Practical solutions are urgently needed to address the challenge of low rates of patient retention in many ART programmes in sub-Saharan Africa [8]. A critical issue is the need to rapidly identify patients who have missed appointments so that patient tracing interventions can be deployed to re-engage patients as soon as possible in care. Using the iDART computerized pharmacy tracking system, we determined the optimal period of delay in pharmacy pick-ups that best identified true LTFU. A ≥6 weeks cut-off would result in the tracing of very large numbers of patients of whom only 15% (approximately 1 in 7) would be true LTFU. Use of cut-offs of ≥12, ≥18 and ≥24 weeks, however, would greatly reduce the numbers of patients who would require tracing, but the ≥12 weeks cut-off was found to be optimal with a sensitivity of 100.0% and a specificity of 95.6%.
Patients who are LTFU should ideally be re-engaged back in care as soon as possible and thus we included within this analysis an examination of a short delay in pharmacy pick-ups (≥6 weeks, typically representing 2 weeks since medication supply ran out) which had high sensitivity. However, one fifth of the cohort had failed to collect medication for ≥6 weeks and yet only a small minority was actually LTFU. Shorter delays than this period would be even more non-specific and the associated work-load associated with tracing all these patients would not be feasible in this service.
In keeping with most other literature from sub-Saharan Africa, we defined true LTFU as patients who had failed to attend for a period of ≥3 months [3]. However, we hypothesized that use of pharmacy delays longer than this period might identify smaller groups of patients with a high yield of LTFU, thereby minimizing the numbers of patients needing to be traced.

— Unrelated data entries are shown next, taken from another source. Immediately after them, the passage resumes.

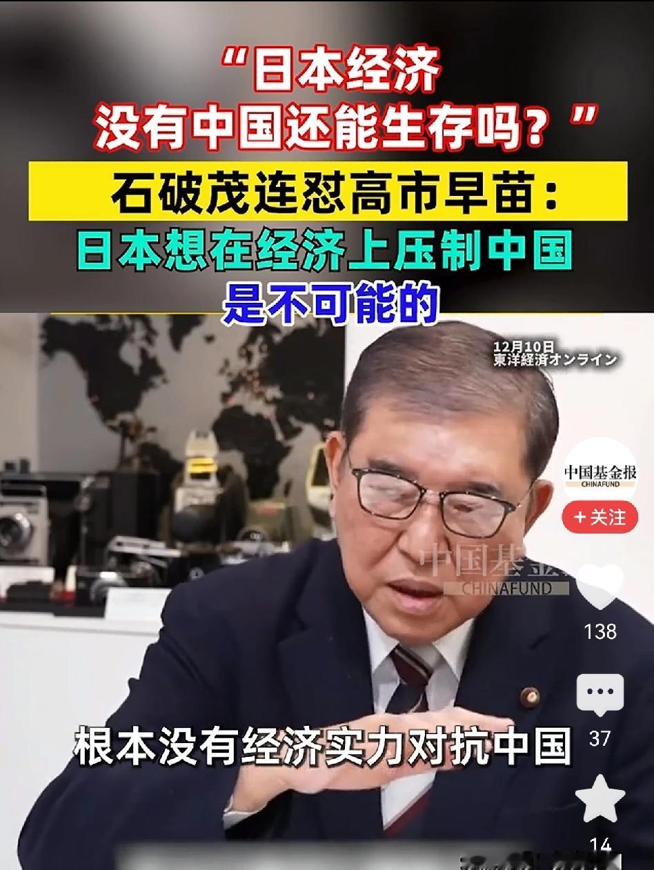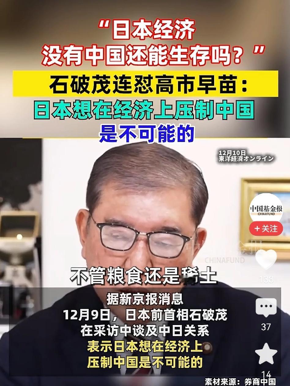 不得不说,在当前的日本政坛,日本前首相石破茂是少有的清醒派。近期石破茂在采访中反驳高市早苗关于日本可在经济上压制中国的立场,他直言日本经济是无法脱离中国生存的。 他进一步指出当前日本粮食自给率只有38% 、能源自给率 12% ,仅此两样,日本哪有资本谈能在经济上压制中国。此外在稀土资源方面,日本更是没法和中国相比,甚至还受制于中国,日本当前根本没有经济实力对抗中国。 高市早苗却没有看到这种形势,或者即使看到了也选择忽视,正式基于这种错误的认识,才有发表了错误言论,才不知悔改拒不撤回错误言论。真的假不了,错的也对不了,以弱击强,以虚击实,日本必将为自己错误判断付出代价。
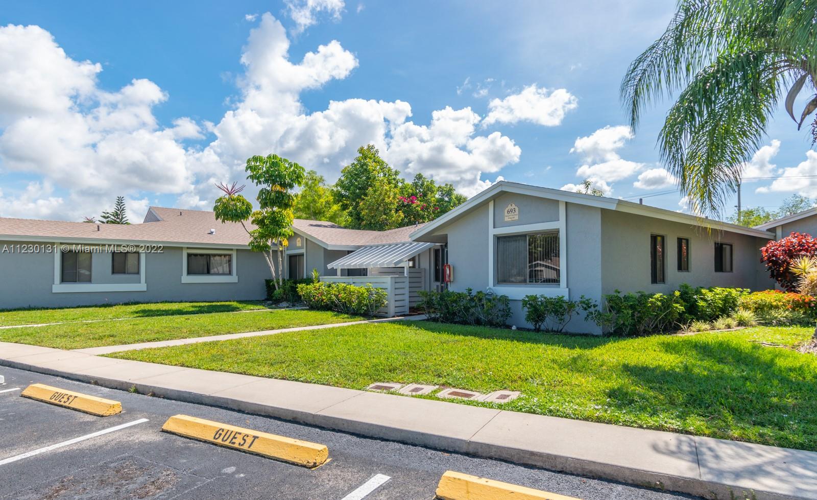 YOUR FUTURE HOME AWAITS! Perfectly located 3bed/2bath villa with soaring ceilings & split floorplan. Freshly painted kitchen & living areas primed, ready for your personal touch. BRAND-NEW stainless-steel fridge, NEW faucet, NEW disposal, NEW washer/dryer! Pass-through area in kitchen leads to dining room, great for entertaining. Spacious master with 2 closets including a walk-in, NEW blinds, sliding door access to patio. Renovated master bath with walk-in shower & glass doors. Second bath with tub. Fans in all rooms, living & kitchen. Roll-down shutters in screened-in back patio overlooking peaceful garden area. 2 ASSIGNED PARKING SPOTS unique to this unit! NEW ROOF 2021. HOA covers building insurance, water, roof & ext/maint. Unlimited access to Bonaventure Town Center Club ($285yr).
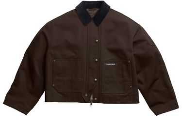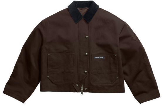 Reveal Canada Goose's cropped trucker jacket, a modern silhouette defined by its buttoned zipper closure and long sleeves. The front logo and patch pockets add a signature touch, while the versatile design transitions seamlessly from day to night, making it a standout piece for any occasion.

Indeed, use of increasingly prolonged cut-offs of ≥12, ≥18 and ≥24 weeks was associated with sequential reductions in the numbers of patients that would require tracing. However, more prolonged delays of ≥18 and ≥24 weeks had substantially reduced sensitivity for LTFU despite higher specificity. Thus, on the basis of trade-off between sensitivity and specificity, we identified the ≥12 weeks delay as the optimal cut-off among the four periods assessed. This is entirely consistent with the optimal delay for identifying LTFU found in a study conducted in Zambia (56 days since medication ran out) [9].
We also ascertained outcomes of each of the same 4 groups of patients one year after the time of the cross-sectional study and compared them with the outcomes of patients for whom no pharmacy delay was detected. Approximately one quarter of patients with pharmacy delays of ≥6 weeks and one half of the patients with pharmacy delays of ≥12, ≥18 and ≥24 weeks were LTFU at this time-point compared to just 9.9% of those with no pharmacy delay. Moreover, higher proportions of those with pharmacy delays had died by one year follow-up. This indicates that the detection of pharmacy delays using the iDART system can be used to identify groups of patients who have poor long-term retention and increased mortality risk.
Computerised systems are used to track patients efficiently and are a potential solution for the rapid identification of patients potentially LTFU. However, the utility of these systems depends on user friendliness, affordability, sustainability, stability, security and data ownership. Sites across Africa employ a wide range of electronic information systems to identify patients to be potentially traced [10, 11]. The iDART system is non-commercial, user friendly, requires no license and is freely available to download at URL http://www.cell-life.org/idart/download. However, it requires an uninterrupted electricity supply and requires a computer, barcode printer, barcode reader and offsite back-up such a flash memory stick, cell phone, email or internet connection. This system has advantages over other known electronic information systems used in Haiti, Kenya, Malawi and Zambia in terms of its low cost, user friendliness, minimal staff training requirements and sustainability [11].
The strengths of this study include the fact that iDART is a relatively simple retention measure that could potentially be implemented in settings that are able to support the required infrastructure. In 2009, the system was being successfully used in over 35 sites, mainly in South Africa but also in other countries. The cohort studied is within the South African public sector system and is very well characterized with good quality data on patient outcomes. Limitations include the retrospective design of the study and that the impact of any existing interventions active within this clinic on one year outcomes is unknown. Although this initial cross-sectional study explores the association between LTFU and one key variable (i.e. delays in pharmacy pick-ups), multiple factors may be associated with LTFU and these factors may vary with duration of ART. The important findings of this initial cross-sectional study have been used to devise a long-term prospective study in which the complexities of predicting LTFU can be further refined. This may enable more sophisticated algorithms to identify patients who are potentially LTFU to be developed in due course. Outcomes may differ in clinics with different ART dispensing patterns. Although this study suggests that ≥12 weeks since last clinic attendance to pick-up medication is the optimal definition of LTFU, the choice of optimal delay in other settings may depend on the resources available.